CAPTCHAを設定していない取引所は、ブルートフォースアタックに対して耐性がありません。しかし全部の取引所の内の約半数は、CAPTCHAを設定していないのです。

我々の行う監査について

我々は通常、スマートコントラクト監査やDeFi監査を実施しています。監査ではハッカーの行動を模倣して攻撃することで、スマートコントラクトやDeFiプロジェクトのプロトコルの脆弱性を見つけ出すことができます。
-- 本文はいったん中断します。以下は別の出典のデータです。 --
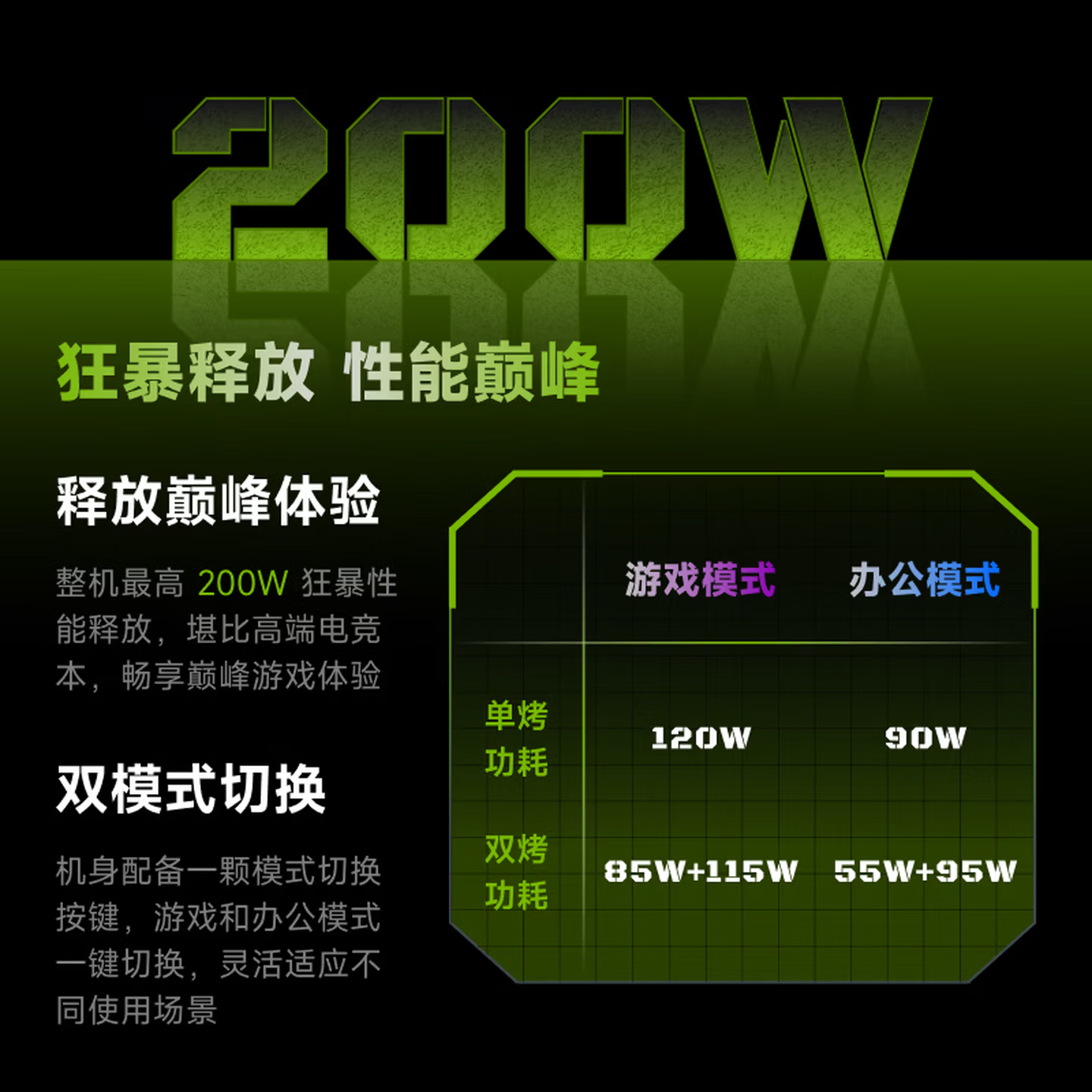 扩展与接口兼顾专业与灵活,支持双通道DDR5内存(最高扩展至96GB),配备双M.2 PCIe 4.0/5.0 SSD插槽,最高支持8TB存储且附赠SSD散热片;接口涵盖USB4、HDMI 2.1、2.5GbE网口、SD读卡器,支持Wi-Fi 7与蓝牙5.4,满足多屏协同与高速数据传输需求。该机支持一键切换双模式,游戏模式解锁200W整机功耗;办公模式将功耗限制为150W,兼顾能效与静音。

この監査では、スマートコントラクトやプロトコルの条件を引き受けるために使用されたコードも、開発者によって精査されます。監査結果は報告書にまとめられ、これによって潜在的なバグやセキュリティの弱みを事前に特定することができるようになります。

2020年における暗号通貨業界の弱点

現在最も脆弱な領域はDeFiだと思っています。PRやマーケティングの参入が非常に多いからです。多くの人は技術についての知識がなく、トークンスワップのコードをコピペすることでお金を設けることができると思っています。実際にはそんなに簡単なことではありません。

利用者としては、DeFiプロジェクトに投資する前に、背後にあるものについてしかるべき下調べを行う必要があります。しっかりと調べていないものに対して投資するのは得策ではありません。Defiの分野は、簡単に損をしてしまいやすいのです。